Data supplied: Begin
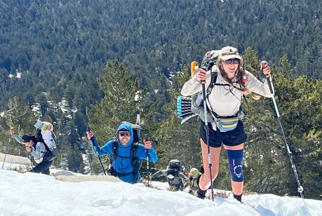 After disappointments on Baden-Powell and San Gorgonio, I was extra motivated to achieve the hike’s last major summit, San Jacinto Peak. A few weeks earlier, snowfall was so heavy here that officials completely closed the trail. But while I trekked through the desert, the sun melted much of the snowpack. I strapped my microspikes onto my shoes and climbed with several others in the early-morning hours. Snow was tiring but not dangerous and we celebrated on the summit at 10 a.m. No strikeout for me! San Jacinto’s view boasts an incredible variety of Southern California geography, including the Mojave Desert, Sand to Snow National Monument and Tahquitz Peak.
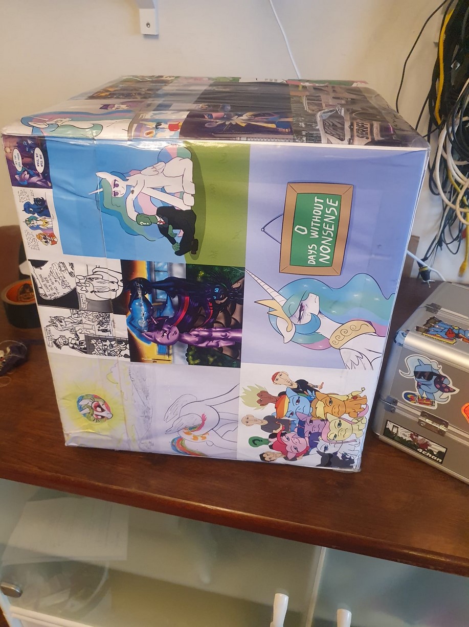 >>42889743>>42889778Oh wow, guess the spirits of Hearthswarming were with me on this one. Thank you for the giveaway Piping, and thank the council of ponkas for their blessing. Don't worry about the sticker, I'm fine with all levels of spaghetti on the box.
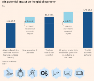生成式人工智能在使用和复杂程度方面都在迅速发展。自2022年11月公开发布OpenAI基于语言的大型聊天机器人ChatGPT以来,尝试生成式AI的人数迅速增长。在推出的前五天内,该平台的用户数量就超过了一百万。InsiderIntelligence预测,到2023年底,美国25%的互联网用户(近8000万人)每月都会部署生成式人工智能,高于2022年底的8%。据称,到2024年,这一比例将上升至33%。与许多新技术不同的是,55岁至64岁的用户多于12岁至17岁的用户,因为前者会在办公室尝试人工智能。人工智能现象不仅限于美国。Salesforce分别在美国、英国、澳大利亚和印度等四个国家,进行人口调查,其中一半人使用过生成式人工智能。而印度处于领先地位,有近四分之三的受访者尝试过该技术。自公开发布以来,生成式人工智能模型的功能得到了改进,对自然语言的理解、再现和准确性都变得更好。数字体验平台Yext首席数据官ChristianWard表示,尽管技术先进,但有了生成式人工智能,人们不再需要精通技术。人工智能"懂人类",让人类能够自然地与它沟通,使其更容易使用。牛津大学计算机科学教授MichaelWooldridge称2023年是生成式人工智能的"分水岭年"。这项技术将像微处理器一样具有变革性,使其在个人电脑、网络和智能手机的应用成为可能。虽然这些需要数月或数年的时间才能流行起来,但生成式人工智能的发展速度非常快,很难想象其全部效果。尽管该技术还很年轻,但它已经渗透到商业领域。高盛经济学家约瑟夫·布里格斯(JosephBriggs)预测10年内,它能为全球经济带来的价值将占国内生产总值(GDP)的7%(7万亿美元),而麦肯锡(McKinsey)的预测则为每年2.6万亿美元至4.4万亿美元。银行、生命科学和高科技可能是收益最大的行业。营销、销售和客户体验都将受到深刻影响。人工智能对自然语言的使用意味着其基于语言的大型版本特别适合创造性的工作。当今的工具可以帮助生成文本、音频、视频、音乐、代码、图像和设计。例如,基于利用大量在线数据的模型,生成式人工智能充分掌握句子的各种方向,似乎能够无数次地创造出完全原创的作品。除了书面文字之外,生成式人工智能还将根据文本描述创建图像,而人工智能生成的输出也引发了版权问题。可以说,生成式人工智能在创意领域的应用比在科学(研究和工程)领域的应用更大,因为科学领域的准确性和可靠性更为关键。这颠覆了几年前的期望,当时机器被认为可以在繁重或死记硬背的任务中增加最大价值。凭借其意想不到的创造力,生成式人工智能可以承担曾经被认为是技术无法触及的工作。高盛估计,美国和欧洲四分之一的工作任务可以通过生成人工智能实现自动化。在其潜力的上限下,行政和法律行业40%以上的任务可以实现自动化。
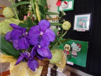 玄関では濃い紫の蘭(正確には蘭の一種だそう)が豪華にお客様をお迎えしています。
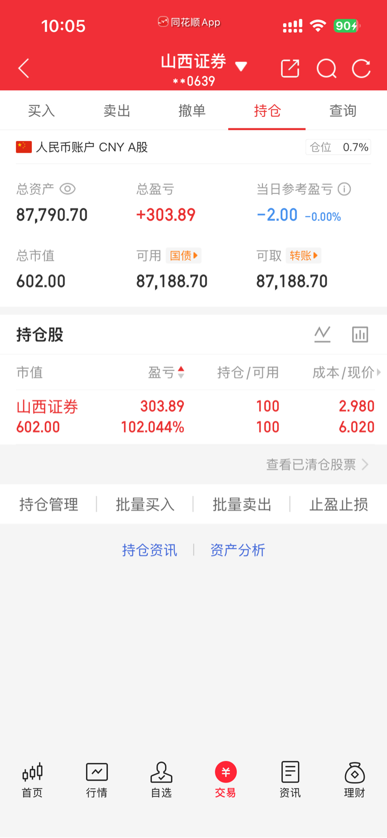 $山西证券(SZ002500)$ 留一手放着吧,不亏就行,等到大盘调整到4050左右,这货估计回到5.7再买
Data supplied: End
What you should do ▸ What is needed is a verbatim copy of the lines from the line with "生成式人工智能在使用和复杂程" through the last line of the listing, pictures excluded.

Problem solution ▸
生成式人工智能在使用和复杂程度方面都在迅速发展。自2022年11月公开发布OpenAI基于语言的大型聊天机器人ChatGPT以来,尝试生成式AI的人数迅速增长。在推出的前五天内,该平台的用户数量就超过了一百万。InsiderIntelligence预测,到2023年底,美国25%的互联网用户(近8000万人)每月都会部署生成式人工智能,高于2022年底的8%。据称,到2024年,这一比例将上升至33%。与许多新技术不同的是,55岁至64岁的用户多于12岁至17岁的用户,因为前者会在办公室尝试人工智能。人工智能现象不仅限于美国。Salesforce分别在美国、英国、澳大利亚和印度等四个国家,进行人口调查,其中一半人使用过生成式人工智能。而印度处于领先地位,有近四分之三的受访者尝试过该技术。自公开发布以来,生成式人工智能模型的功能得到了改进,对自然语言的理解、再现和准确性都变得更好。数字体验平台Yext首席数据官ChristianWard表示,尽管技术先进,但有了生成式人工智能,人们不再需要精通技术。人工智能"懂人类",让人类能够自然地与它沟通,使其更容易使用。牛津大学计算机科学教授MichaelWooldridge称2023年是生成式人工智能的"分水岭年"。这项技术将像微处理器一样具有变革性,使其在个人电脑、网络和智能手机的应用成为可能。虽然这些需要数月或数年的时间才能流行起来,但生成式人工智能的发展速度非常快,很难想象其全部效果。尽管该技术还很年轻,但它已经渗透到商业领域。高盛经济学家约瑟夫·布里格斯(JosephBriggs)预测10年内,它能为全球经济带来的价值将占国内生产总值(GDP)的7%(7万亿美元),而麦肯锡(McKinsey)的预测则为每年2.6万亿美元至4.4万亿美元。银行、生命科学和高科技可能是收益最大的行业。营销、销售和客户体验都将受到深刻影响。人工智能对自然语言的使用意味着其基于语言的大型版本特别适合创造性的工作。当今的工具可以帮助生成文本、音频、视频、音乐、代码、图像和设计。例如,基于利用大量在线数据的模型,生成式人工智能充分掌握句子的各种方向,似乎能够无数次地创造出完全原创的作品。除了书面文字之外,生成式人工智能还将根据文本描述创建图像,而人工智能生成的输出也引发了版权问题。可以说,生成式人工智能在创意领域的应用比在科学(研究和工程)领域的应用更大,因为科学领域的准确性和可靠性更为关键。这颠覆了几年前的期望,当时机器被认为可以在繁重或死记硬背的任务中增加最大价值。凭借其意想不到的创造力,生成式人工智能可以承担曾经被认为是技术无法触及的工作。高盛估计,美国和欧洲四分之一的工作任务可以通过生成人工智能实现自动化。在其潜力的上限下,行政和法律行业40%以上的任务可以实现自动化。
 玄関では濃い紫の蘭(正確には蘭の一種だそう)が豪華にお客様をお迎えしています。
 $山西证券(SZ002500)$ 留一手放着吧,不亏就行,等到大盘调整到4050左右,这货估计回到5.7再买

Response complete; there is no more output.